The violence around the  festival was deplorable and inexcusable. That said,  Bosnia is one country in generally conservative Eastern Europe, so let’s not pretend this happened in a vacuum. Gays and lesbians are attacked just as viciously  in Serbia, Greece, Hungary, Bulgaria, and especially Russia –all countries with predominately Orthodox Christian populations. Bosnia has a homophobia problem, but it’s not a “Muslim problem” it’s a symptom of the broad social conservatism of the entire region, conservatism that transcends religious, ethnic, and national boundaries.

“The Serbs committed genocide against us, raped our women, made us refugees in our own country,” said Mustafa Efendi Ceric, the grand mufti and main spiritual leader of Bosnia’s Muslim community.

“And now we have a tribal constitution that says we have to share political power and land with our killers,” he said. “We Bosnian Muslims still feel besieged in the city of Sarajevo.”

I’ve heard Ceric speak a few times, and this seems oddly confrontational for him (he doesn’t like the Dayton system, but he he supports a multiethnic, tolerant state), so I’m guessing he was either really annoyed when he was interviewed for this, or he was quoted out of context.

The article continues.

Religious and national identity have long been fused in multifaith Bosnia.

It was tradition in villages to refer to neighbors by their religion — Muslim, Orthodox, Catholic, rather than as Bosniak, Serb or Croat.

In the nation-building that followed Dayton, that practice has become stronger.

In villages and small towns, religious identity may have been salient for a long time, but, for the large urban populations, it wasn’t. People really didn’t care, and much of the educated class didn’t give it much thought. And if religious identification has become stronger in the post-Dayton years, well,  do you think that might that have something to do with how the postwar state was organized? How the illiberal elites and nationalists were entrenched in the political system and the liberals marginalized? (Don’t get me started.)

In Sarajevo, a predominantly Muslim city, dozens of streets named after Communist revolutionaries were renamed after Muslim heroes, and political parties stressing Muslim identity gained large constituencies.
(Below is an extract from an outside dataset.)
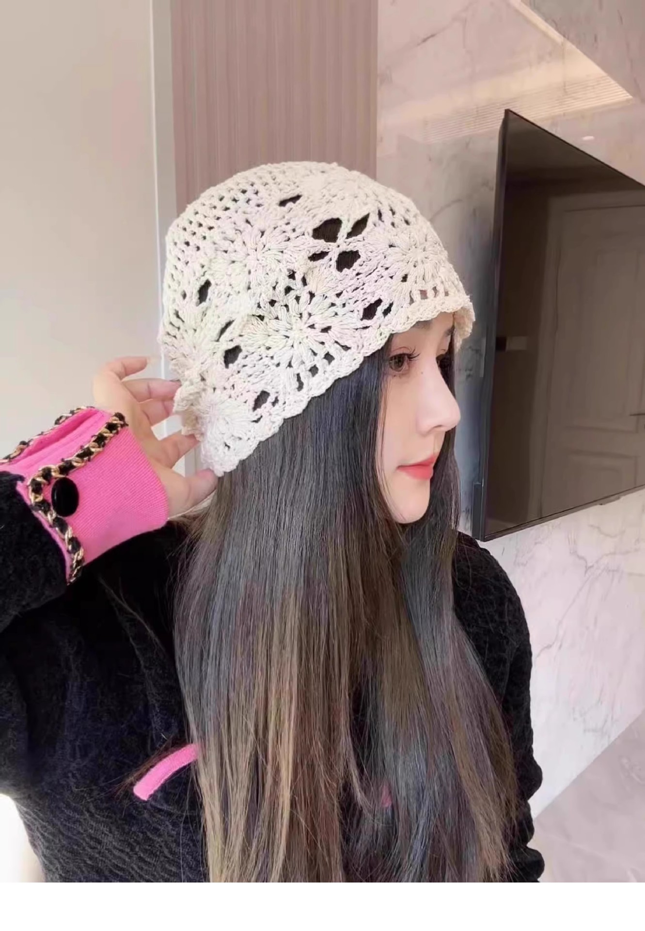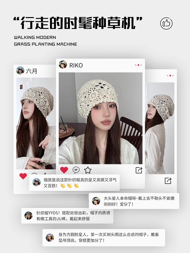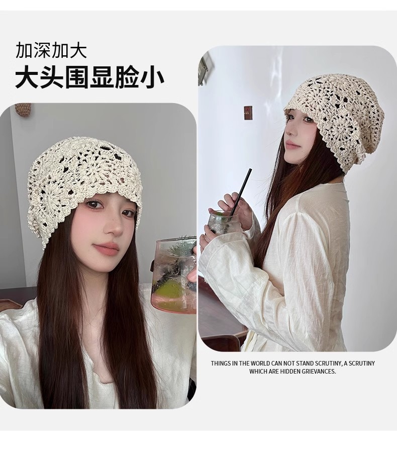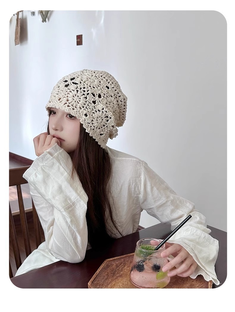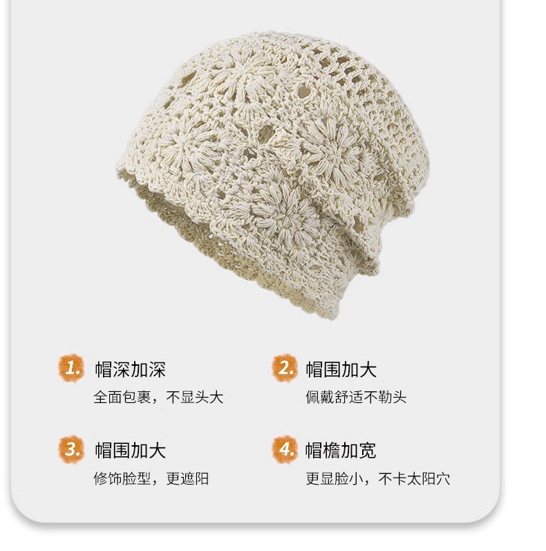 镂空编织包头帽子女日系薄款毛线帽2024新款针织帽堆蕾丝帽休闲

As with the hijabi panic, I think this is overblown. I lived on Branilaca Sarajeva street, or, if I have my translation correct “Defenders of Sarajevo” street. Were these defenders mostly Muslim? Yeah, one can safely assume so, given the demographics of the area. One wretched right wing blog (to which I will not link) claimed there is a street named after Osama bin Laden in Sarajevo. No. There isn’t. And there won’t be. Moreover, rest assured that the city retains much of the flavour of its Communist past.
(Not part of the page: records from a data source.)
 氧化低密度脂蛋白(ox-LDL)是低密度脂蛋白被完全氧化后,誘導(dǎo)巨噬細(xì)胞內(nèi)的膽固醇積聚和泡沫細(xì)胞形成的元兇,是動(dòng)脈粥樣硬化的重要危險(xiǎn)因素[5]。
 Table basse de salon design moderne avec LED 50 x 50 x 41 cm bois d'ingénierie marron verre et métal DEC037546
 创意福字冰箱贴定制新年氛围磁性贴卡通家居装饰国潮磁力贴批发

To be fair to the Times, the article does make the point that the most effective and vocal opposition to fundamentalists in Bosnia comes from within the Muslim community itself, and more or less concludes with that.

Mustafa Effendi Spahic, a prominent liberal Muslim intellectual and professor at the Gazri Husrev-beg Madrasa in Sarajevo, went further, calling the introduction of religious education in kindergarten “a crime against children.”

“The Prophet says to teach children to kneel as Muslims, only after the age of 7,” said Professor Spahic, who was imprisoned under Communism for Islamic activism. “No one has any right to do that before then because it is an affront to freedom, the imagination and fun of the child’s world.”

Naturally, the right wing bloggers lauding the Times for “exposing” “Islamic Bosnia” (cue the scary music) missed that whole part of the article.